So your PSU is probably good.

Switch the PC off and remove the cover. You will want a good inspection lamp.
Unplug the auxiliary 12v connector at the motherboard. It has only Black (0v) and Yellow (+12v) wires.
Have a good look at the plastic parts and the pins. There should be no charring of the plastic on either half and the contacts should be bright Yellow. That's a very thin layer of gold.
Charring of the plastic indicates the connector has been getting hot. If that's present reconnect the connector. Take care its the right way round and 'waggle' the jointed connector in an attempt to reduce the contact resistance. There is about 10A or so carried by that connector, so the contact resistance must be low to avoid heating.
This sort of problem shows up mostly under high CPU loads as the actual current is related to the CPU load.

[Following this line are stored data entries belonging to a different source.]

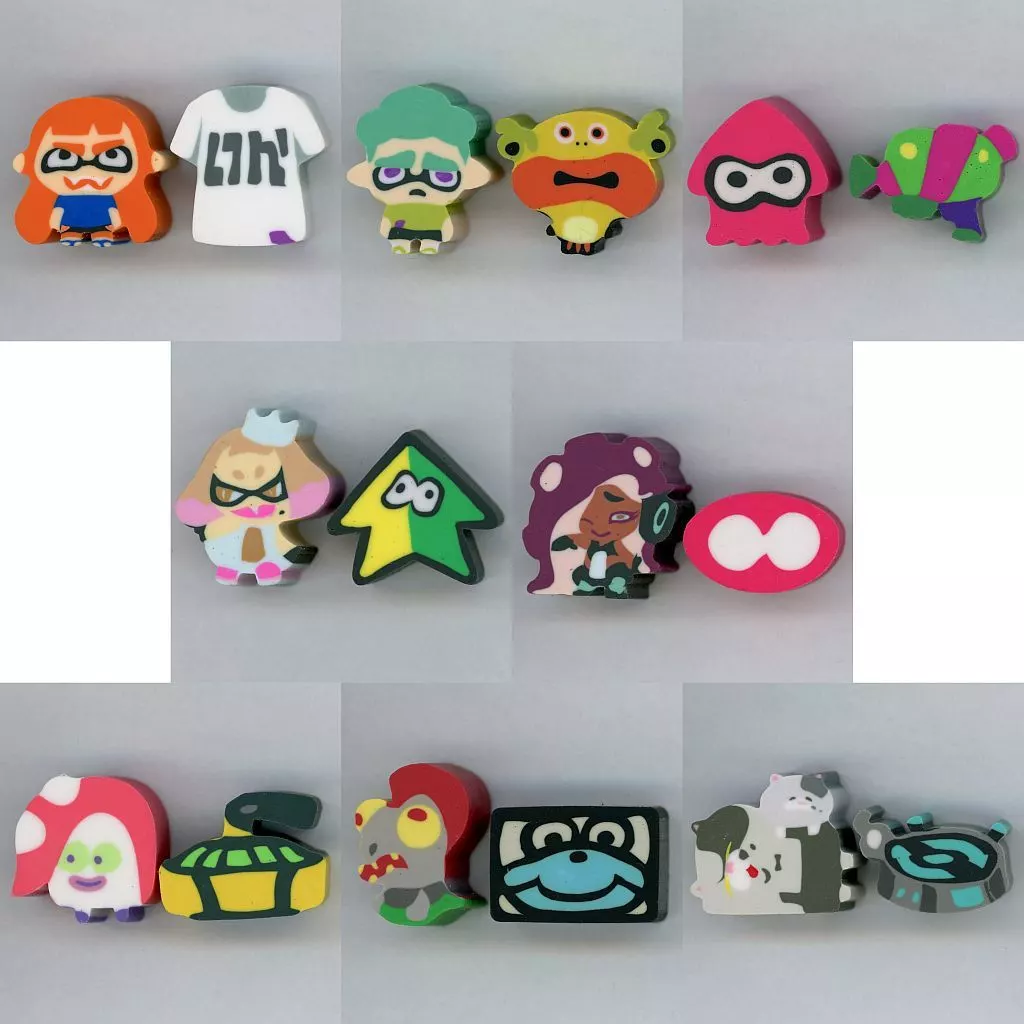 产品解说■这款产品是的共8种SET。【商品详情】女孩(橘色)&墨鱼白色男孩(霓虹绿色)&DENCHI鲶鱼墨鱼&スプラシューター姫&若叶标志饭田&ALOME奥塔利安&CARING BOMX鲑鱼&那个涂鸦裁判君&子裁判君&起点尺寸:约3×3 cm以内
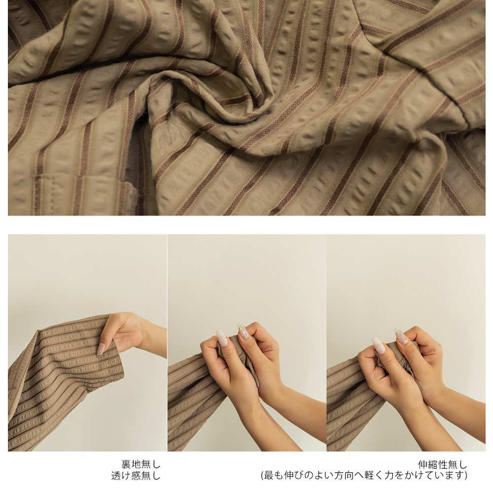 素材 | ■素材 ポリエステル54%、綿41%、レーヨン5% ■裏地・透け感・伸縮性 裏地無し、透け感無し、伸縮性わずかに有り ■ポケット 有り ■生地感 程よい薄手で凹凸のある素材です。 |
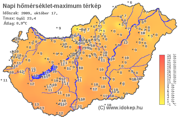 A maximumtérképen kirajzolódik az adott napon mért legmagasabb hőmérsékletek térbeli eloszlása. Az adott nap hőmérsékleti maximumát télen reggel és este 7 óra, nyáron reggel és este 8 óra között mért legmagasabb értékkel adjuk meg. Adatbeküldés: következő nap reggel 4 óráig.

Look at the region around the CPU. You may see 10 to 20 cylindrical objects. They should all be the same, fitted flat to the motherboard, with no jelly leaking out.
Do not touch the jelly if its there. It may be one of several unpleasant materials. Bulging tops and/or leaking contents show that the CPU core voltage regulator has failed.
These things can be replaced, a) if you can get them and b) if you are moderately skilled in the use of a soldering iron.
They all need to be changed if even one has failed.
_________________
Regards,

NeddySeagoon

Computer users fall into two groups:-
those that do backups
those that have never had a hard drive fail.
Back to top
View user's profile Send private message
Goverp
l33t
l33t


Joined: 07 Mar 2007
Posts: 648

PostPosted: Sat Jan 19, 2019 11:56 am    Post subject: Reply with quote

I disagree that PSU failures are rare. Old PSUs seem to loose the ability to provide all the stated current. I've had two fail gracefully.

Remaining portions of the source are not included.